Are you fucking kidding me, I thought, 20 minutes before seeing Miranda’s finished musical for the first time, on its closing weekend at the Public Theater downtown. What kind of maniac would connect those dots, and also expect it to work, given the long history of stodgy classicists attempting to harness hip-hop’s free-wheeling essence and only marginally succeeding at best? I thought about bailing on my friend, who invited me as his plus-one. I went because I didn’t want to be rude, but I still complained when I discovered its length (nearly three hours).

Seven months later, I’m that fuckin guy who won’t shut up about Hamilton; surely you know one, or are one, or have read one (or many) on the internet. But as vehement and true as my adoration for the musical and its creator may be, I still couldn’t fathom how anyone—even a dude who, like me, had grown up on a very specific era of pre-internet hip-hop—would be sitting there on the beach, reading an 832-page tome about a founding fucking father, and be like, oh yeah, eureka, this is a story that should be told through the medium of a rap musical. Sure, sure.

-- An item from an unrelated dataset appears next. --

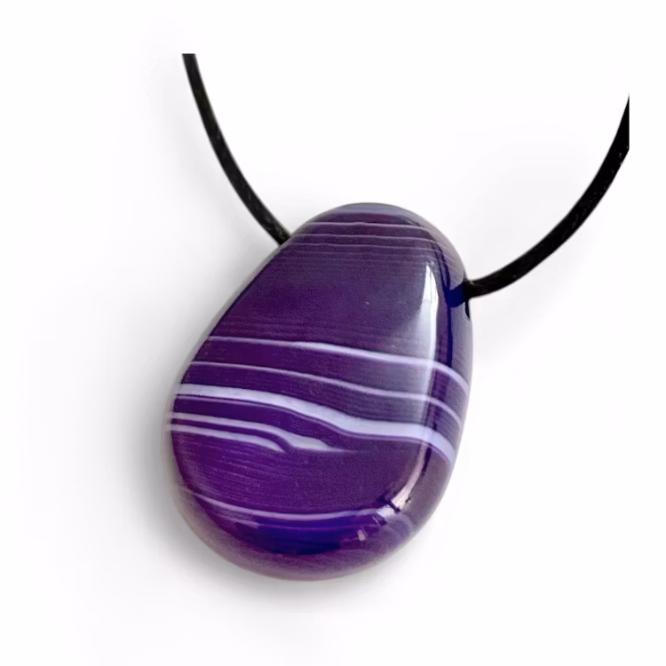Ett hängsmycke i lila agat, en vacker bandad sten med mjuka till djupare toner av lila som ger den ett lugnt och uttrycksfullt utseende. Denna variant är färgad, vilket är en vanlig behandling av agat för att förstärka färgen och framhäva stenens naturliga mönster och skiftningar på ett tydligt och dekorativt sätt.

In my quest to understand, I read Chernow’s book (on my phone, which I do not recommend) and took down some parts that felt particularly relevant to hip-hop. Throughout this journey, conducted over half a year, I sought to parse the most illuminating, tangibly hip-hop parts of the book Hamilton by 66-year-old historian Ron Chernow. I’ve focused on the first quarter of the book because that’s where most of my revelations occurred, and also because the screenshots were too numerous to compile in their entirety. (On an iPhone 5, 832 pages become 3941.) All emphasis mine.

On the mother of Elizabeth Schuyler, who would become Hamilton’s wife:

The wary Frenchman decided that it was “best not to treat her in too cavalier a fashion” and concluded that General Schuyler was “more amiable when he is absent from his wife.”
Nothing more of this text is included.